I have a bottle of Jack Keller's second place winner, Sand Burr Wine..........


Now if you can make wine out of sand Burrs, You can make wine from anything................


Also have an empty bottle of his Mustang Grape wine.................


----------



## Joanie

Ooooh... "Yellow Weed Wine!" Great name for it!


----------



## Wade E

I like it!!!!!!!!!!!!!


----------



## Trigham

appleman said:


> I took out all but the best cane and it looked like a lawn-mower massacre on the ground when I got done!
> 
> 
> 
> I keep telling myself it is for their best interest!




Apple could u take some pics for us to show how u mowed up



that shoot please?


Nice job Joan



I envy you for your new project, i cant wait to see updates through your pictures!!


----------



## AAASTINKIE

NICE!! you did a great job of preparing the ground first, I kinda just did a small hole and throw the plants in, but I'm trying to get better, I haven't planted any grapes, I want to be the Blueberry wine king...


----------



## Joanie

The vines are growing so fast, I already need to add more twist-ties! I watered last evening so they will grow at least 6 inches today! =)


----------



## grapeman

Joan, don't they grow fast!? I have some almost coming out of the 30 inch grow tubes already that were planted about 3 weeks ago.Be careful with twist-ties. The wire inside them doesn't allow for growth and can girdle the stems. Tie them very loosely. The vines expand a lot during the year and when you start low and the plant grows you forget about the low ties and they can girdle the vines causing it's death the next year.


----------



## Joanie

Thanks, Appleman. I check the twist ties all the time! I bought some of those 8" ones and have them very loose.

Still nothing green on the last Leon.


----------



## Joanie

I'm double excited!!!! I have green buds on the 12th vine finally!!! And I found these when I was out watering this evening!!! Aren't they cunnin'?


----------



## Wade E

Looks good Joan.


----------



## grapeman

Great news Joan. It should catch up fine. There is a runt in every litter. You may get a few clusters of blooms, but remember you are "supposed" to snip them off this year.



It's easier when they just don't get any the first year. Of course I won't tell the blooming patrol if you dont.


----------



## Joanie

I know I need to snip them and I will! Honest! I know it's best for the vine! It sure was fun to see tho!


----------



## Joanie

My grapes are snipped!

Worse than that?? I was out spraying my vines and just as I was finishing one a toad moved and I realized I'd gotten spray on him!!



I feel so bad!!!! He buried himself in the dirt. Poor toady.


----------



## Joanie

I have (make that past tense) blossoms!


----------



## grapeman

This must be one you missed a few days ago when you snipped them. Pretty plain after all NW's flower pictures, aren't they? You should have lots in a couple more years. I visited a small vineyard that has about a thousand vines where most of them are three or four years old. A lot of them have some many clusters they need thinning. Looks to me like about 50 clusters per vine.

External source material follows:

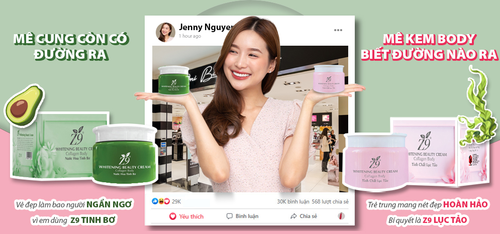 - Song song với sự tin tưởng và ủng hộ của khách hàng đối với dòng Kem Body Tinh Chất Lục Tảo thì nhà Z9 còn cho ra đời thêm Kem Body Nước Hoa Tinh Chất Bơ

Have you seen Toady again yet? He should be fine after burrowing in the soil. The clay in the soil should act like chelates and remove the spray from him OK. Nature's critters are sometimes smarter than we give them credit for.
( *che·lat·ed*, *che·lat·ing*, *che·lates* 



<LI>_Chemistry_ To combine (a metal ion) with a chemical compound to form a ring. 
<LI>_Medicine_ To remove (a heavy metal, such as lead or mercury) from the bloodstream by means of a chelate, such as EDTA. </LI>
)


----------



## Joanie

No sign of Mr. Toad. Maybe that's a good thing!

I missed that one and a couple of others! They are gone now tho.

Next year can I leave one cluster on each of the strongest vine of each variety just to see them from start to finish?


----------



## grapeman

That depends on the vigor of the vine this year and early next year and how hard of a winter we have this year. A few bunches is probably ok and if the vine is really vigorous you can leave some more. I have some I am leaving 10 bunches on this year that are very vigorous and I want to slow down a little. I'll post some pictures of some fairly soon with some on. I'm weeding again today, installing trellis wire and training some. It's amazing the variation that the vines exibit from variety to variety.


----------



## Joanie

I was thinking the same thing, Appleman! The two white varieties look much hardier than the 2 reds. Is that common?


----------



## Joanie

And why would you want to slow them down by letting the vines set fruit?
*Edited by: Joan *


----------



## grapeman

Joan some whites are really vigorous and some reds are too. It depends on the variety and how well they grew last year at the nursery. Also- Why would you want to slow them down?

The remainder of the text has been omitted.